• [Exercise]: Taking the data below, please print only the lines from the line holding "Комплект из топа" to the line holding "布ラベルシェルソックスレディ", inclusive, with pictures omitted.

• [Supplied data]:
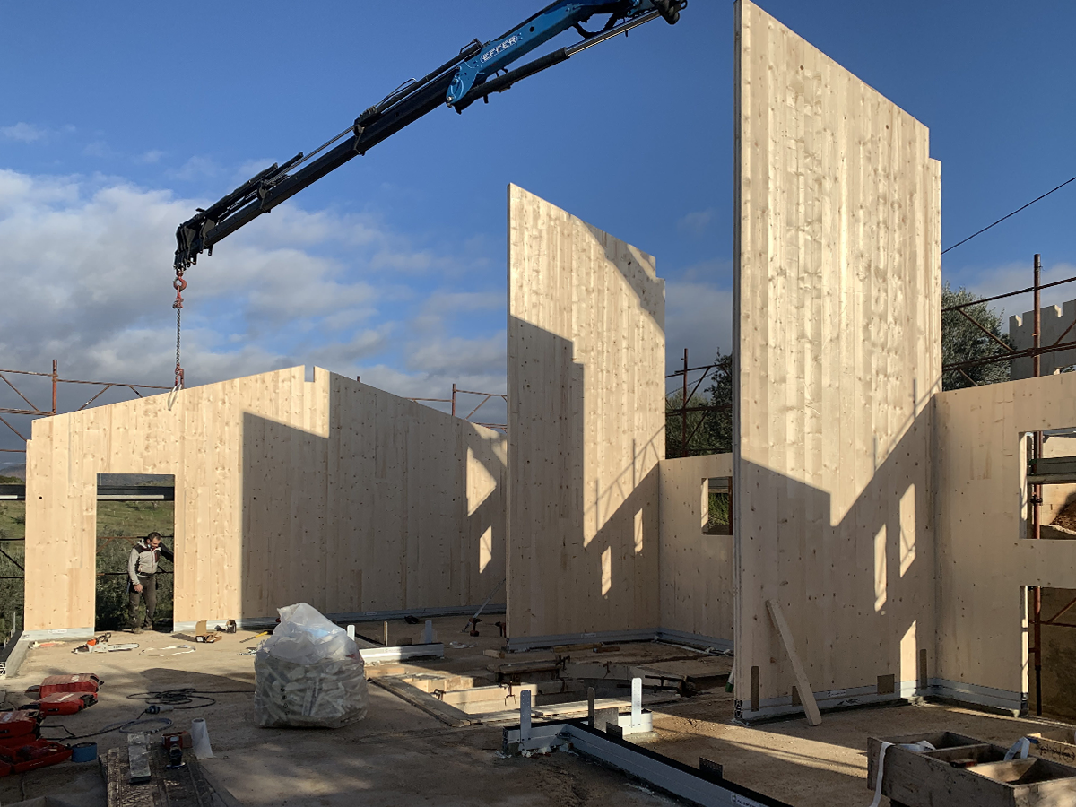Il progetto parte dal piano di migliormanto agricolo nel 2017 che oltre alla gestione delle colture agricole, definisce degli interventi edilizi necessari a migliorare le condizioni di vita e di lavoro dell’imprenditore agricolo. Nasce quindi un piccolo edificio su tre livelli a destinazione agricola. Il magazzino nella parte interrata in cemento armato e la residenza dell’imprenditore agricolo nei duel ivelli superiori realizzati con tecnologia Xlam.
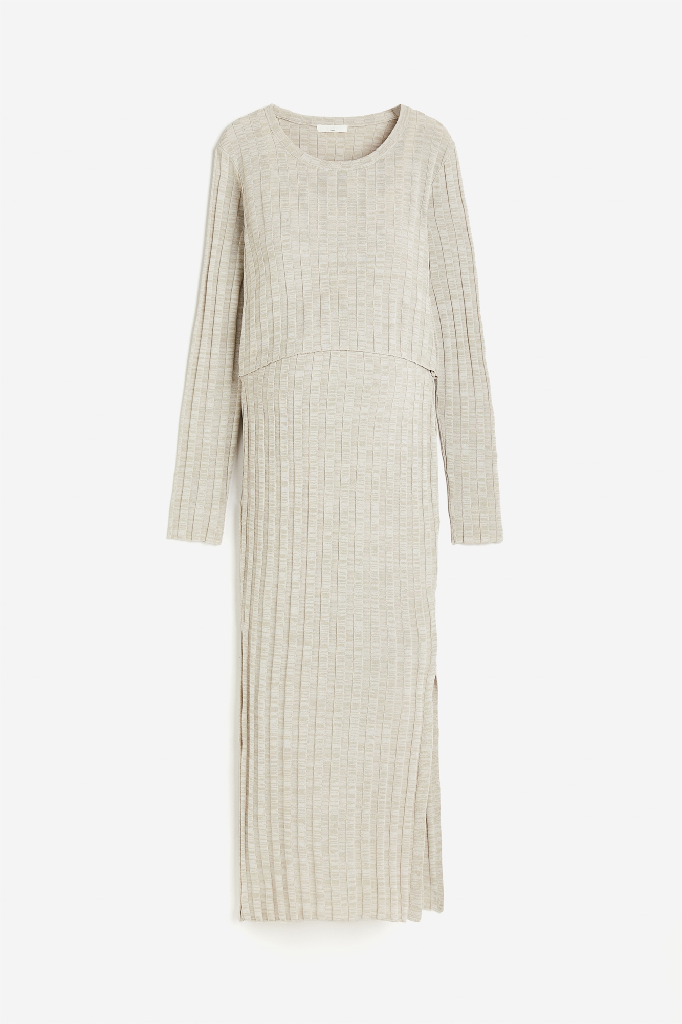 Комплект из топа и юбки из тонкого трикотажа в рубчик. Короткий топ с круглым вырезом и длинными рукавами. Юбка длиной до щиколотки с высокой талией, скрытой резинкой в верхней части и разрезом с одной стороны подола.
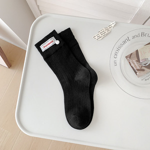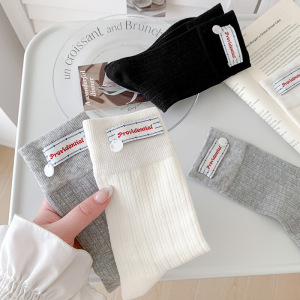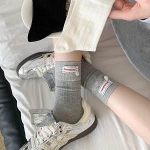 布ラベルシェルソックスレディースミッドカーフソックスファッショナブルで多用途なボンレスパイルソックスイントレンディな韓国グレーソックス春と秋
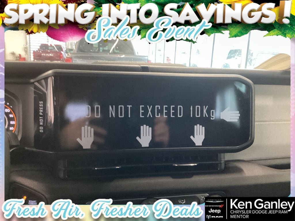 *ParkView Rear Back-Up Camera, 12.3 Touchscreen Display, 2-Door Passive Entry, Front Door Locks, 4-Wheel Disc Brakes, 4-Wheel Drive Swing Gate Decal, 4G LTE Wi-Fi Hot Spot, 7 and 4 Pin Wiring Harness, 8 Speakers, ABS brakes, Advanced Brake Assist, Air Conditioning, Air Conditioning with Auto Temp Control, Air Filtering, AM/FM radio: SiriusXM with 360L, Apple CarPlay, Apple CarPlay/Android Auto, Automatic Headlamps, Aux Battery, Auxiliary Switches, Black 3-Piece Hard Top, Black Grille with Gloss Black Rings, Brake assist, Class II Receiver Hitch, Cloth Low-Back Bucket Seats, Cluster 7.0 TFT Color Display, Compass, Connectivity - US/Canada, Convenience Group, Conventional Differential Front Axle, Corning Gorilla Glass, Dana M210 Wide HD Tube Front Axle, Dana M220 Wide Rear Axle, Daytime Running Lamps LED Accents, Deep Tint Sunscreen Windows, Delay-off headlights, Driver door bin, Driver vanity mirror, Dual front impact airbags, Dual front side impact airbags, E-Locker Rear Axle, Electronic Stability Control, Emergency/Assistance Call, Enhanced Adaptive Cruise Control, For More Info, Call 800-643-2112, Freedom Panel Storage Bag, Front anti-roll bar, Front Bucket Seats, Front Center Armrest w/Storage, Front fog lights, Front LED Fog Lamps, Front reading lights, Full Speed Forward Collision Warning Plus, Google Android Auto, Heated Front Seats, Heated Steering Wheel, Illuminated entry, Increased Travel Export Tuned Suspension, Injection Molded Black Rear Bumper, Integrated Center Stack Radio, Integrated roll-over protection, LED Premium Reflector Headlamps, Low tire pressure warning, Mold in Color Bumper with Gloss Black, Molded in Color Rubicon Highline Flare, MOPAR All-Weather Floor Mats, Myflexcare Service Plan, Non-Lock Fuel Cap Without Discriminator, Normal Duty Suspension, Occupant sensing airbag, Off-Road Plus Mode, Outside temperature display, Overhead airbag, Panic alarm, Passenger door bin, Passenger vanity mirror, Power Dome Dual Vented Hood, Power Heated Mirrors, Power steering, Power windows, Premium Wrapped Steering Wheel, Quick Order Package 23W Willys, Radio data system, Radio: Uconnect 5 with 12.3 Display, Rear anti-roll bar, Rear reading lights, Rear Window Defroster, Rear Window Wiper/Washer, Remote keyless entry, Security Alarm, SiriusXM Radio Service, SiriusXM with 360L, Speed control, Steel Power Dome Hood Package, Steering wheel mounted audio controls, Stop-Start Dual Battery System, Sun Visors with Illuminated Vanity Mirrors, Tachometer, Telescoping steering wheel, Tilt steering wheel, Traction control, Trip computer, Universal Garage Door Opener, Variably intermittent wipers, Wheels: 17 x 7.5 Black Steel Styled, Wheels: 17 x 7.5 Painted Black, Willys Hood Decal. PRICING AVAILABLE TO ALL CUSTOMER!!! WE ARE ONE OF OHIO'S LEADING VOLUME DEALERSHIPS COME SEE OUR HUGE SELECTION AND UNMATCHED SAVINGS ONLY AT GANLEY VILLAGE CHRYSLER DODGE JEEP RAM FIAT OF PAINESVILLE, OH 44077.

• [Output]:
 Комплект из топа и юбки из тонкого трикотажа в рубчик. Короткий топ с круглым вырезом и длинными рукавами. Юбка длиной до щиколотки с высокой талией, скрытой резинкой в верхней части и разрезом с одной стороны подола.
 布ラベルシェルソックスレディースミッドカーフソックスファッショナブルで多用途なボンレスパイルソックスイントレンディな韓国グレーソックス春と秋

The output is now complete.